Task> Restate word for word the lines between the start of the material and the line with "北播磨「農」と「食」の祭典（三木市）", keeping both of those ends and none of the pictures.

Extracted information>
((

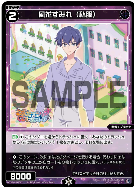
風花すみれ (私服) 黒 シグニ レベル2 ＜奏像：プリオケ＞ パワー8000

【起】《無》このシグニを場からトラッシュに置く：あなたのトラッシュから《花の騎士シンシア》1枚を対象とし、それを場に出す。
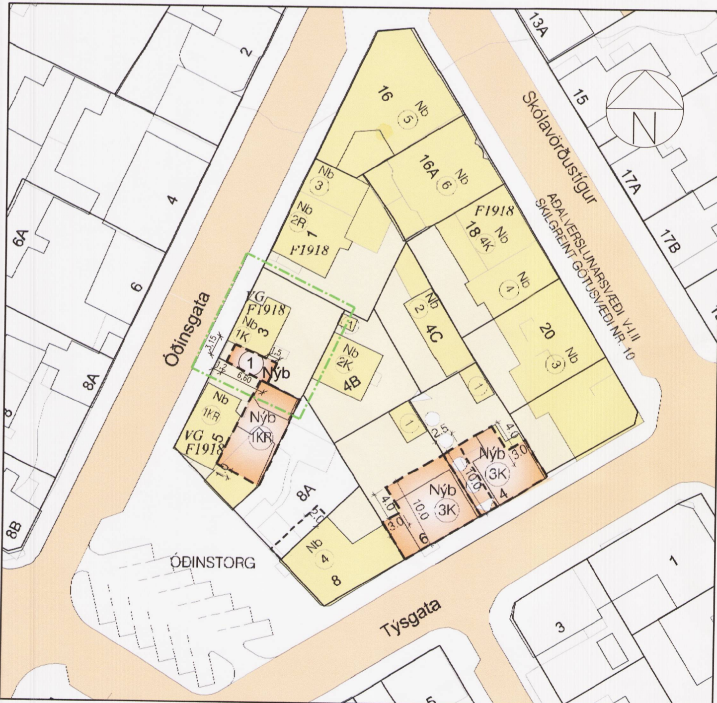
BREYTT DEILISKIPULAG FYRIR ÖÐINGSGÖTU 3, mkv. 1:500

FORSENDUR: ÞAR SEM SUD-AUSTURHORN LÓÐARINNAR ER BEST NÝTILEGI HLUTI LÓÐARINNAR TIL ÚTIVISTAR, ER EKKI FÝSILEGT AD FÓRNA HONUM UNDIR BÍLGEYMSLU.
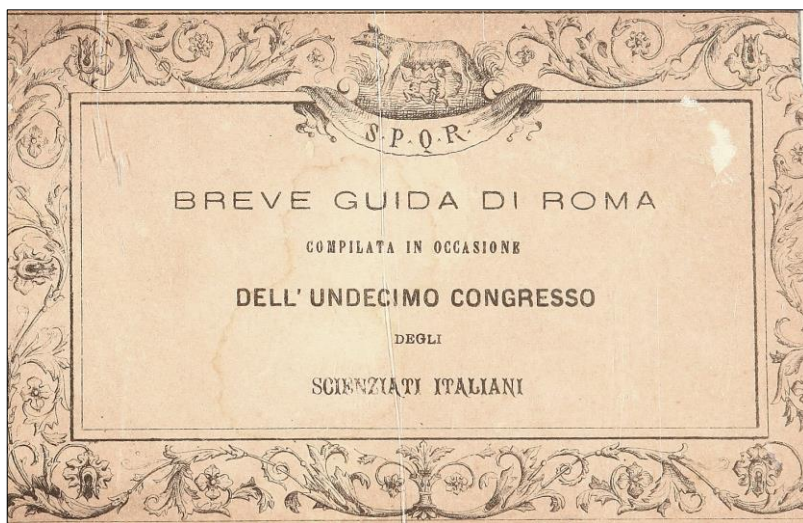
Figura 2. Un esempio di guida sintetica compilata per accompagnare gli scienziati. Breve guida di Roma (frontespizio), 1873

Più o meno le stesse indicazioni emergono dalla Guida pratica popolare di Roma ad uso specialmente degli impiegati, negozianti, Capi di Famiglia, e di tutti coloro che stanno per trasferirvisi , di Bignami (1871). In questo caso, come sottolinea il suo stesso autore, il testo è a uso dei «trasferibili» e non per i turisti. In altre parole, possiede tutte quelle caratteristiche per essere «una guida preventiva, uno strumento preparatorio alla conoscenza diretta della città, da leggere ancora prima di raggiungerla» (De Caprio, 2007, p. 18). Queste le ragioni per cui nella prefazione si indulgia sulla descrizione «del cittadino romano a dispetto del torinese e del fiorentino, cioè dei cittadini delle due capitali provvisorie» (Bignami, 1871, p. 4), tipologie caratteriali tra il folcloristico e lo stereotipato.
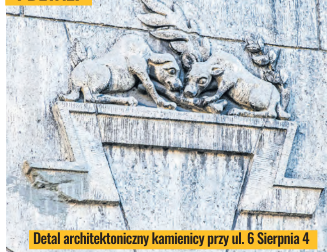
Detal architektoniczny kamienicy przy ul. 6 Sierpnia 4
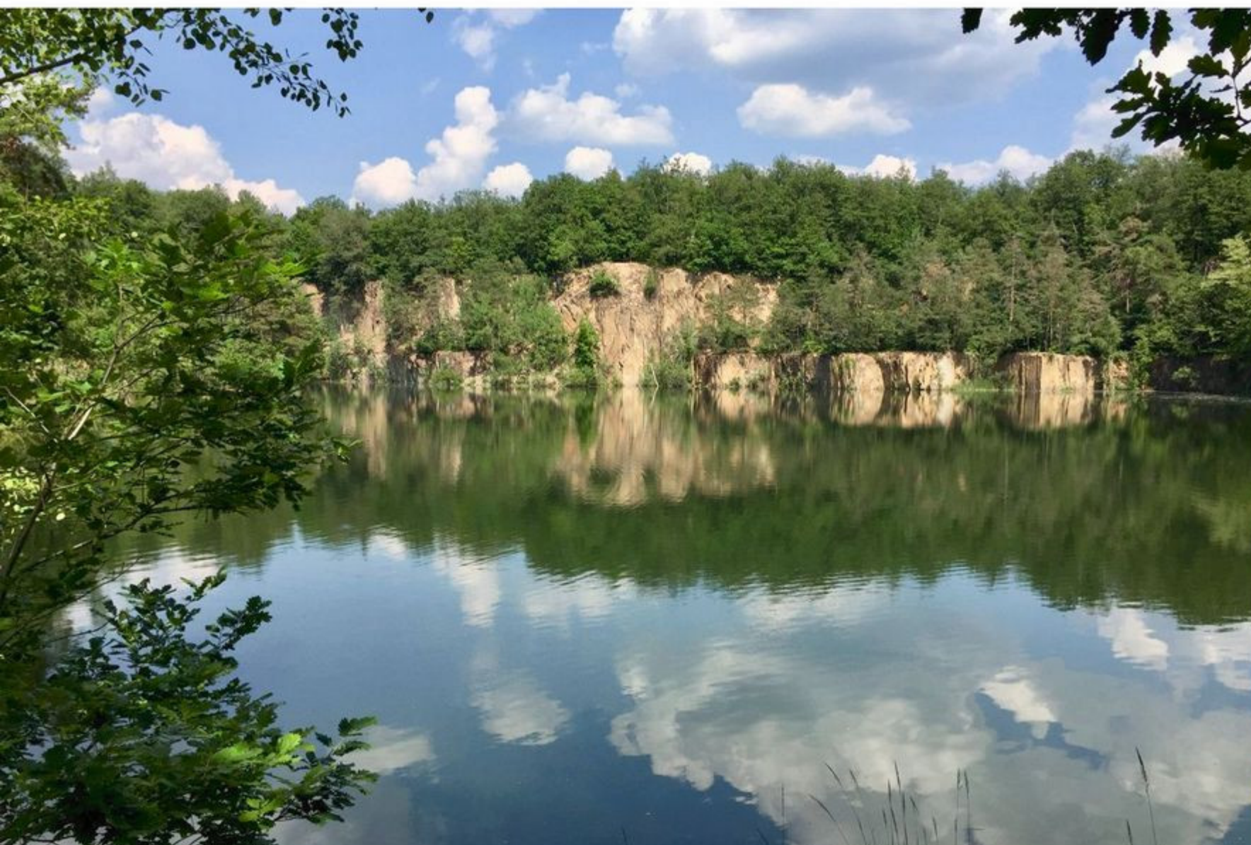
Waldbad Mark Schönstadt
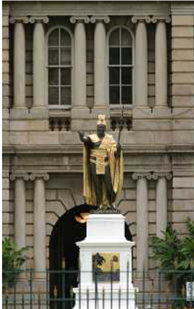
カメハメハ大王(イメージ)
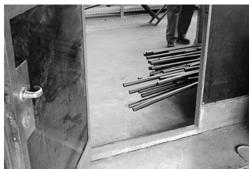
7 Attention, risque de chute! Pensez à vos collègues!
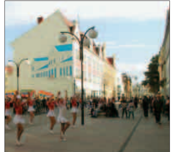
▲ Taneční show mažoretek spolu s koncerty dechovky, které na pěší zóně pravidelně pořádá K.A.R., se divákům líbí.
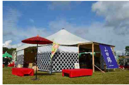
北播磨「農」と「食」の祭典（三木市）

道の駅や農産物直売所などの都市農村交流施設等を拠点として、来訪者のニーズに応じた農業体験、田舎体験、観光農園へのコーディネートやファーマーズマーケットの開催など、収穫から食べるまでの北播磨の魅力向上を図ります。
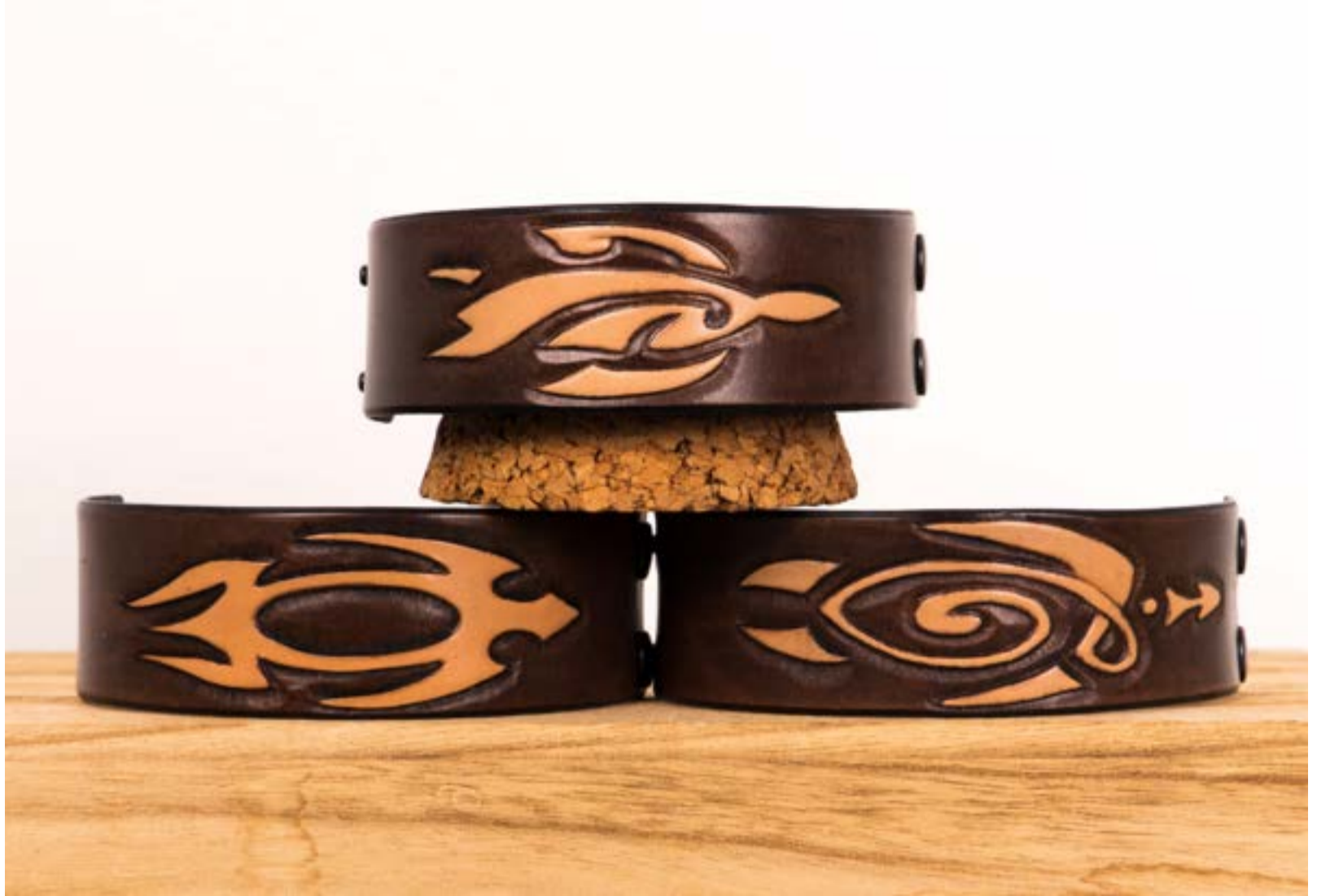
Turtle Line- BDD Creations - Leather Carving Art - ©BDD - Made in Italy
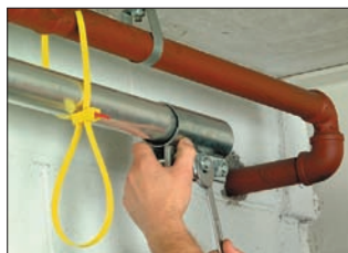
SpeedyTie® ist für die temporäre, aber starke Befestigung besonders geeignet.
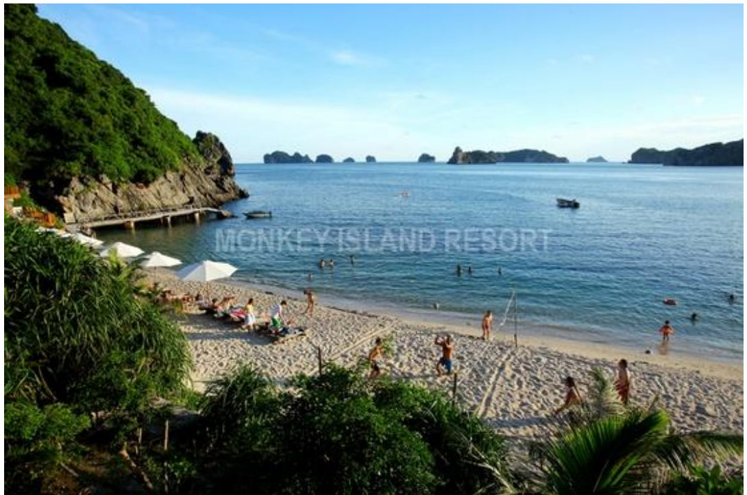
Hình 4: Bãi biển Đảo Khi - Cát Bà
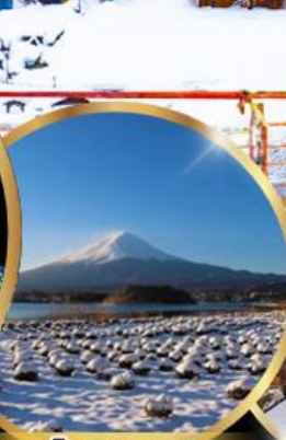
สวนโออิชิ พาร์ค
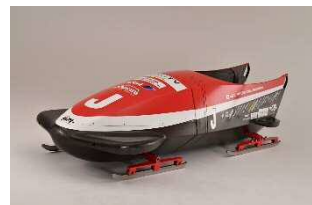
展示イメージ (協力:下町ボブスレー)
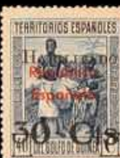
582 - 60 €
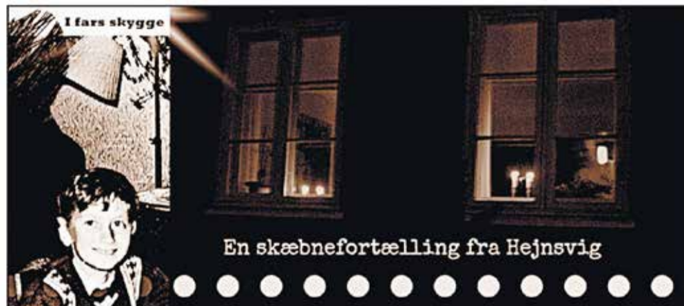
Louis Bulow i fars skygge.
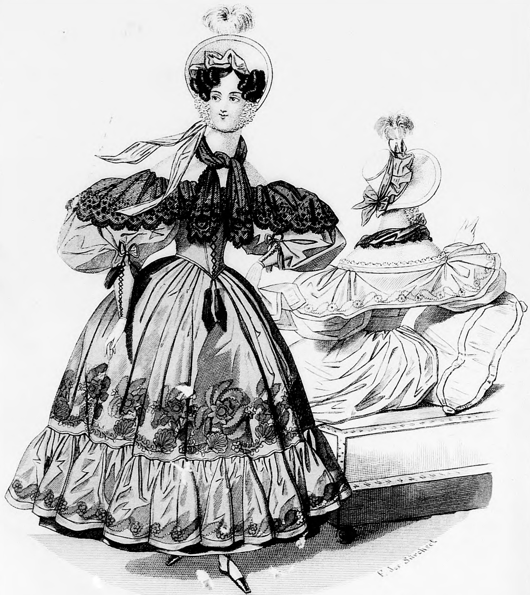
Modembild zu Spiegel.
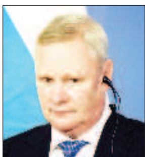
Първият заместник-министър на външните работи на Русия Владимир Титов

Първият заместник-министър на външните работи на Русия Владимир Титов обсъди с ръководителите на дипломатическите мисии на Австрия, Унгария, Полша, Словакия, Чехия, ФРГ и Швейцария сегашната военнополитическа обстановка в Европа.
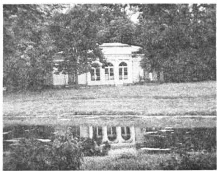
В Екатерининском парке г. Пушкина.

Трубят, трубят твои потомки, и в их сердцах бессмертен ты.
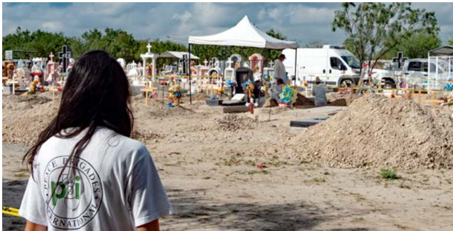
Foto: Acompañamiento en jornadas de exhumaciones, Coahuila, 2019

El Centro Diocesano Fray Juan de Larios (FJDL), es una de las organizaciones que acompaña el Plan Estatal de Exhumaciones (PEE) en Coahuila y representa a colectivos de familiares de víctimas de desaparición. A petición de esta organización que acompañamos desde 2014, PBI tiene un rol de observador internacional desde que el PEE se puso en marcha desde finales de 2017. A su vez, PBI acompaña las jornadas de exhumaciones que cada determinado tiempo se dan en diferentes puntos de la geografía coahuilense, así como a las Mesas de Coordinación Forenses (MCF) donde se da seguimiento a todo aquello que acontece respecto del Plan.
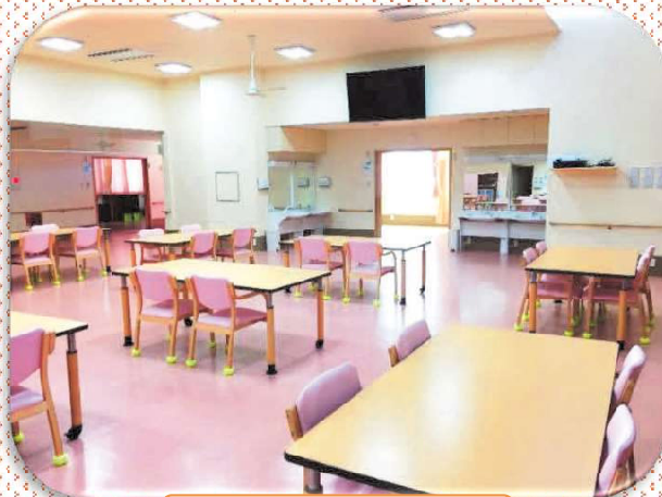
食堂・機能訓練室
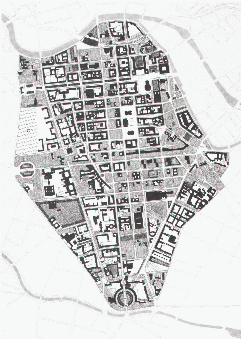
Übersichtsplan Dorotheen-/ Friedrichstadt, schwarz: vorhan- dener Baubestand; hellgrau: Reservoir der Bauflächen; dunkel- grau: Grünflächen

Für den Stadtentwicklungs-senator Volker Hassemer und für den Senator für Bau- und Wohnungswesen Wolfgang Nagel mag es ein ebenso spannendes Monopoly wie auch eine reale Herausforderung sein, den regen Kapitalfluss und seine Wirkung auf Berlins Mitte durchzuspielen. Eine Übersichtskarte aus dem Jahre 1991 zeigt, dass es die Kapitalanleger aus dem In- und Ausland in den ehemaligen Osten zieht: Von der Zimmerstrasse bis zum Bahnhof Friedrichstrasse reiht sich Block an Block zu einem riesigen Investitionsareal. Die Konkurrenz zweier Systeme ist damit beendet, die mit Hochhäusern an der Leipziger Strasse (Ost) und mit Prestigebauten an der Kochstrasse (West) den alten Stadtgrundriss zerstörte und dem Stadtzentrum seine Dichte nahm.

))

Response to the task>
風花すみれ (私服) 黒 シグニ レベル2 ＜奏像：プリオケ＞ パワー8000

【起】《無》このシグニを場からトラッシュに置く：あなたのトラッシュから《花の騎士シンシア》1枚を対象とし、それを場に出す。
BREYTT DEILISKIPULAG FYRIR ÖÐINGSGÖTU 3, mkv. 1:500

FORSENDUR: ÞAR SEM SUD-AUSTURHORN LÓÐARINNAR ER BEST NÝTILEGI HLUTI LÓÐARINNAR TIL ÚTIVISTAR, ER EKKI FÝSILEGT AD FÓRNA HONUM UNDIR BÍLGEYMSLU.
Figura 2. Un esempio di guida sintetica compilata per accompagnare gli scienziati. Breve guida di Roma (frontespizio), 1873

Più o meno le stesse indicazioni emergono dalla Guida pratica popolare di Roma ad uso specialmente degli impiegati, negozianti, Capi di Famiglia, e di tutti coloro che stanno per trasferirvisi , di Bignami (1871). In questo caso, come sottolinea il suo stesso autore, il testo è a uso dei «trasferibili» e non per i turisti. In altre parole, possiede tutte quelle caratteristiche per essere «una guida preventiva, uno strumento preparatorio alla conoscenza diretta della città, da leggere ancora prima di raggiungerla» (De Caprio, 2007, p. 18). Queste le ragioni per cui nella prefazione si indulgia sulla descrizione «del cittadino romano a dispetto del torinese e del fiorentino, cioè dei cittadini delle due capitali provvisorie» (Bignami, 1871, p. 4), tipologie caratteriali tra il folcloristico e lo stereotipato.
Detal architektoniczny kamienicy przy ul. 6 Sierpnia 4
Waldbad Mark Schönstadt
カメハメハ大王(イメージ)
7 Attention, risque de chute! Pensez à vos collègues!
▲ Taneční show mažoretek spolu s koncerty dechovky, které na pěší zóně pravidelně pořádá K.A.R., se divákům líbí.
北播磨「農」と「食」の祭典（三木市）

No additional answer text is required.